なぜなら無謀のか、検査官の訪問のために十分な準備をしなかったため、どちらか。あなたが主張するように分析し、あなたの製品を製造することを計画する方法のあなたの方法がある場合は、この段階での失敗は、最善をFDAの疑いを作ります。提出された情報を検討し、製造し、製品を制御するための詳細な仕様を確立した後、FDAの検査官はまだあなたが渡すことが文句を言わない場合は、トラブルが角を曲がったところで、問題の多くは解決する必要がある。いくつかの製薬コンサルティング会社は、FDAの検査を失敗した後、予想される最も一般的な問題を特定している。
検査の数が増加:不一致が新しいデータ、繰り返しテスト、改訂された手順を確認するために検査を再度するためにつながるここにリストがあります。検査官は、あなたが適切な変更を加え、おそらく同様にあなたと働く異なる臨床研究者を訪問することを確認します。彼らは、アプリケーションで送信されたすべての情報は、あなたの会社や臨床研究者によって登録されたデータで得られたものと一致することを比較する必要があります。アプリケーションインテグリティポリシー:重度の矛盾が詐欺の試みとして解釈することができる。データの記録中に単純なエラーは、情報がFDAのために全く信頼性が低くなるようになります。
その後、彼らが提出されたデータと実際の情報との間のすべての矛盾をチェックするために、同社は独自の内部監査を実施するために強制的に、アプリケーションインテグリティポリシーを呼び出すことができます。同社はまた、FDAのためにそう呼ばれる不正行為に関与するすべての個人を識別し、FDAの管轄事項に主導的な地位からそれらを除去するために強制されます。締め出し:FDAの検査でデータの不一致や矛盾のために重大な責任ある者がdebarredすることができます。これは彼が保留中または承認NDAまたはANDAを持つ任意の会社に彼の専門的なサービスを提供しないかもしれないことを意味します。
実際には、FDAにNDAまたはANDAを提出するすべての企業は、まずないdebarred個人が自分のアプリケーションプロセスに参加しないことを証明する必要があります。犯罪捜査:デパート犯罪捜査力が検査に合格しないの最も重要な結果である。 FDAはNDAの提出、会社や個人の劇的増加に伴って刑事訴追への暴露に関連するいくつかの詐欺があるかもしれないと思って起動したら。別に会社にひどく破壊されてから、それはあなたの労働者の士気に悪影響を及ぼします。 YET販売されていない製品の承認の遅れ:FDAは故障であなたの施設を考慮した場合は、保留中の承認申請を承認しません。引数は単純です:cGMPs故障。

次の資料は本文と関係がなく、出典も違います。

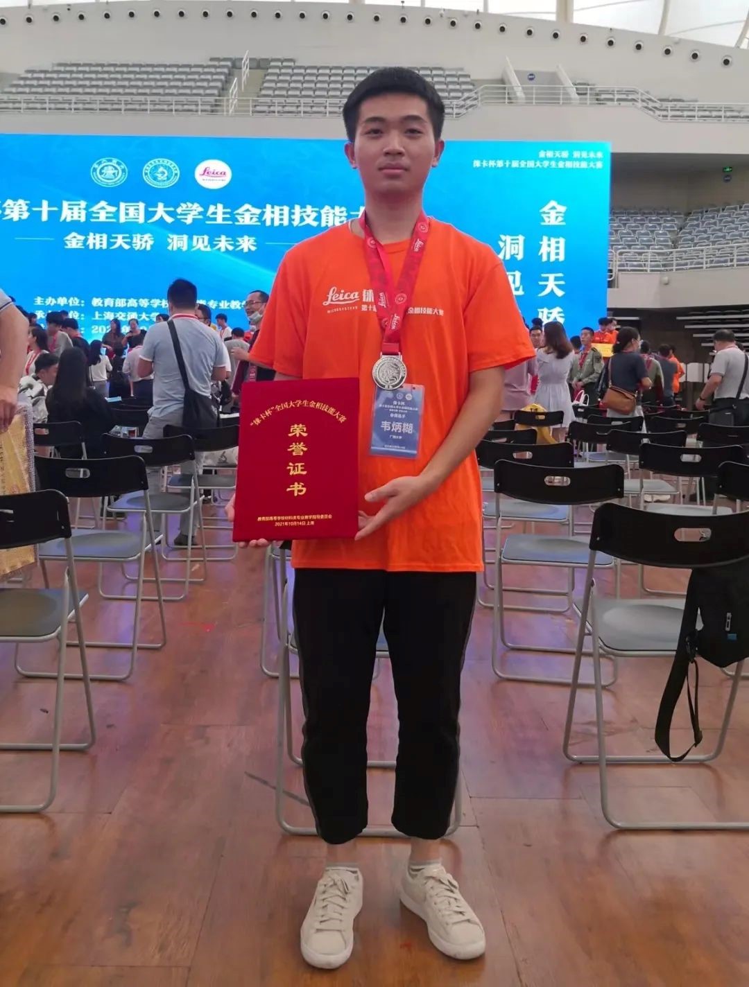 为提升专业技能水平和扩展知识面,韦炳糊积极参加各项专业竞赛。其中,在全国大学生金相技能大赛中,从5月份的校级赛到7月份的区级赛、再到10月份的国赛,他在老师的指导下进行了整整一个月的系统训练。尽管他练到手被磨破,但是他也没有放弃。经过刻苦的训练,他始终保持细心专注,稳定心态,最终获得了国家级个人单项二等奖的好成绩。

製造又は臨床試験がペンディングNDAの同一施設で行われている、特にIND免除下の臨床研究の場合のように、と:進行中の研究に影響を与える。 483sからの情報が定期的に発行されると、公共なることから故障を防止する方法はありません。これはあなたの評判に影響を与え、同様にいくつかの市場の問題にもたらす:あなたの製品の消費者の信頼が失われ、株価に悪影響を及ぼす可能になります。すべてのすべてで、FDAの検査に失敗すると、すべての手段で回避したいという大きな災害です。あなたの製薬コンサルタントは、あなたが準備する必要書類や記録を誇張いけない。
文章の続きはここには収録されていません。